> _Given material_
++++
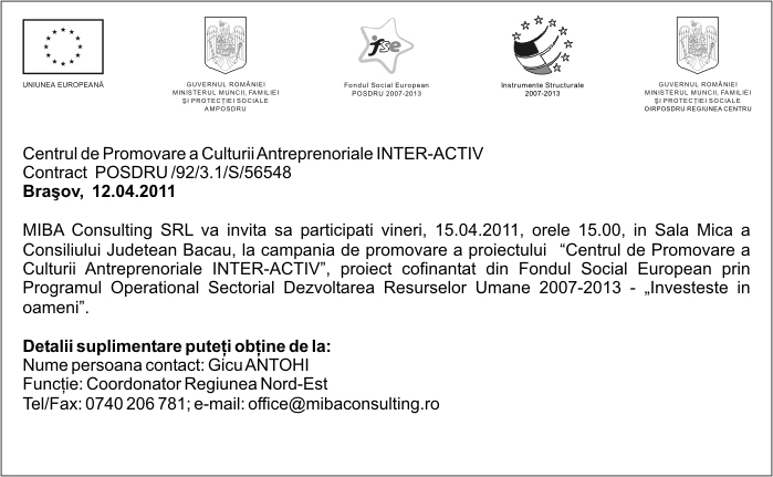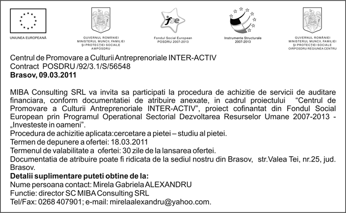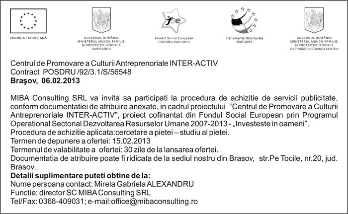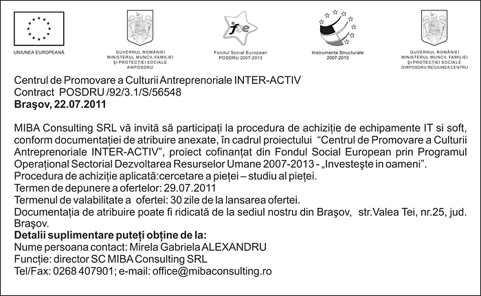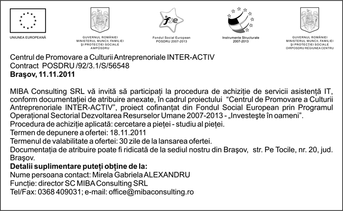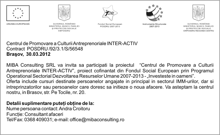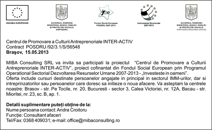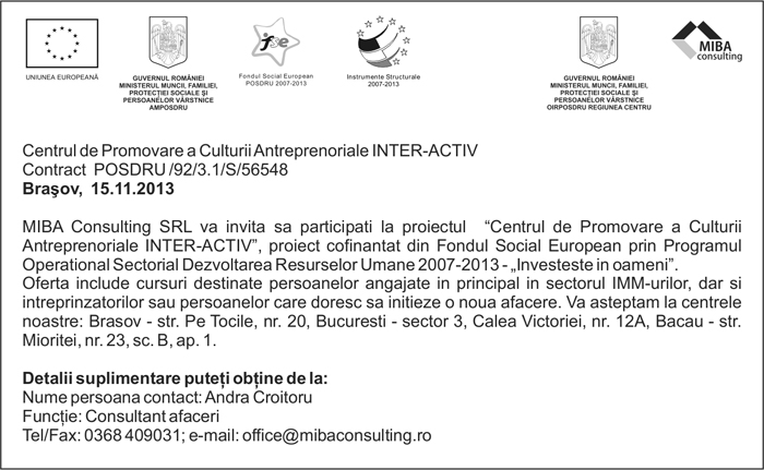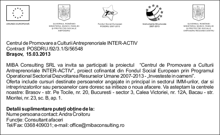 Pentru informatii detaliate despre celelalte programe cofinantate de Uniunea Europeana, va invitam sa vizitati www.fonduri-ue.ro Continutul acestui material nu reprezinta in mod obligatoriu pozitia oficiala a Uniunii Europene sau a Guvernului Romaniei. |
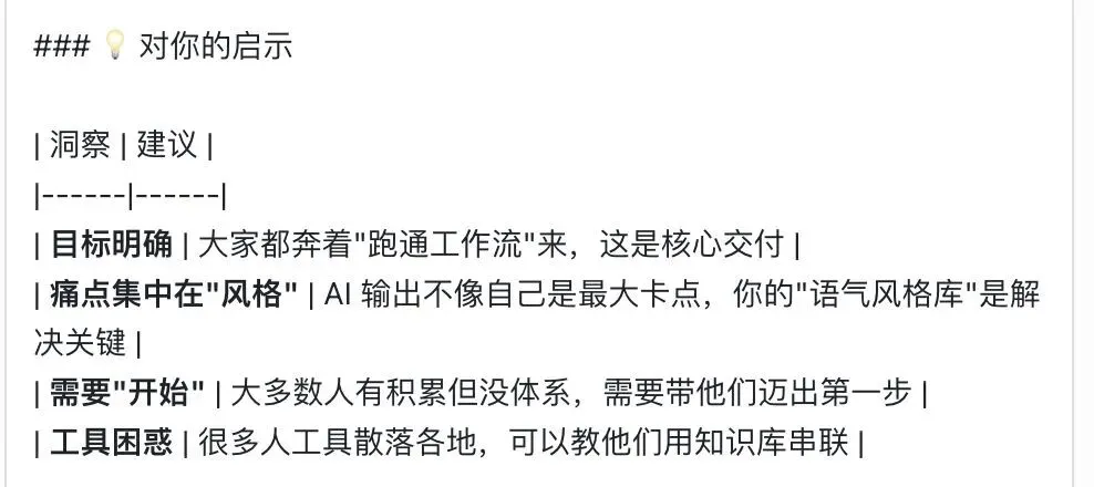 后来我想清楚了。我用 AI,是为了把经验变成资产。不是简单的“产出更多内容”,是让我积累十年的解决方案能力,能够被更多人用上。这才是我想要的。
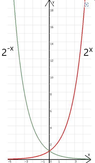 Den Graphen y = 2-x erhält man, indem man den zu y = 2x gehörenden Graphen an der y - Achse spiegelt.
++++
> _Task details_
With the images omitted, return the full material exactly.

> _Answer area_
 Pentru informatii detaliate despre celelalte programe cofinantate de Uniunea Europeana, va invitam sa vizitati www.fonduri-ue.ro Continutul acestui material nu reprezinta in mod obligatoriu pozitia oficiala a Uniunii Europene sau a Guvernului Romaniei. |
 后来我想清楚了。我用 AI,是为了把经验变成资产。不是简单的“产出更多内容”,是让我积累十年的解决方案能力,能够被更多人用上。这才是我想要的。
 Den Graphen y = 2-x erhält man, indem man den zu y = 2x gehörenden Graphen an der y - Achse spiegelt.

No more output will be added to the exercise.